Laughs, moral dilemmas fill up Fly Me to the Moon

Our London

If you could steal something, and get away with it, would you do it?

That question is at the core of the Grand Theatre’s upcoming presentation of Fly Me to the Moon.

Running Jan. 12-30 on the Grand’s main stage, Fly Me to the Moon is a comedy about a typical workday for two homecare workers in Belfast, Ireland, whose day quickly goes from bad to worse.

An elderly man the two women are caring for dies in the bathroom with an unclaimed winning race ticket still in his possession. The two women — Francis and Loretta — tell one lie after another, while their attempt to beat the system throws them headlong into a day-long comedic adventure.

Deidre Gillard-Rowlings plays Francis Shields and describes the play a little more succinctly.

“It is about these two women who are care workers, have been working together for several years, their friendship and the shenanigans they find themselves in the middle of when the day takes a turn they didn’t expect,” Gillard-Rowlings said. “It’s about the heap of muck they have to dig themselves out of.”

Gillard-Rowlings said Fly Me to the Moon is a play “anyone and everyone” can relate to.

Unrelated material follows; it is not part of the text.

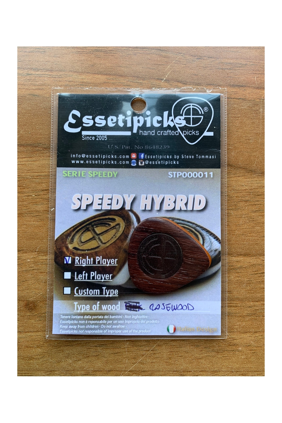 Ecco un esempio di quando un plettro supera se stesso. L’innovazione nell’innovazione. Il Modello Essetipicks® Speedy Hybrid è rivoluzionario. Oltre a tutte le caratteristiche geniali del modello Speedy di base , vi è in più il procedimento costruttivo in tre strati (brevettato). Questa speciale particolarità consente di avere un tocco morbido ma con una coda potente e ricca di armoniche e lento decadimento della nota prodotta. Consigliato a chi desidera un tocco morbido quasi “felpato” poco scandito ma con potenza , brillantezza e ricchezza di armoniche.

That central question, ‘how much money would you take if you knew you could get away with it?’ represents a huge morale dilemma for the two characters.

And that, she adds, is where the humour comes in. After all, it’s hard to find the comedy without a little tragedy.

“It’s a moral dilemma. There are huge moral dilemmas in this play, which is what is so funny about it,” Gillard-Rowlings said. “You see it played out on these two character’s faces. They are wrestling with themselves. You can’t just do comedy for the sake of being fluffy. If someone gets pulled in and sees themselves in it, then you’ve done your job.”

Joining Gillard-Rowlings on stage is Carmen Grant in the role of Loretta Mackie

Grant called the preparation for Fly Me to the Moon, “one of the most joyful rehearsal processes” she has ever been a part of.

Both women agree the moral questions raised in the play revolve around the price someone is willing to pay in taking a particular course of action.

For Gillard-Rowlings, the price was a very personal one in that she wasn’t able to spend Christmas with her family.

Although it was one she was willing to pay for the role, she knows her character must face a much higher cost.

“She’s a pretty desperate woman. She is always looking for opportunity, to keep money, to make money, sometimes to spend money, but she always has her eyes open for some loophole she can jump through,” Gillard-Rowlings said. “Due to circumstances, her life has taken a very different turn than mine. She lives in a much more tumultuous and violent world, a more desperate world than mine.”

Grant’s price is the need to have joy in her work, for without out it there is no sense spending all the time in the rehearsal hall.

For her character, that price is extremely personal in that she is willing to do whatever she can to make her children happy.

It is those kinds of thoughts — along with hopefully a lot of laughs — she hopes audiences will take away from the performance.

“I hope they have seen a part of themselves they never expected to see on stage, or represented on stage,” Grant said. “Maybe they walk away thinking about their own choices. What they would do.”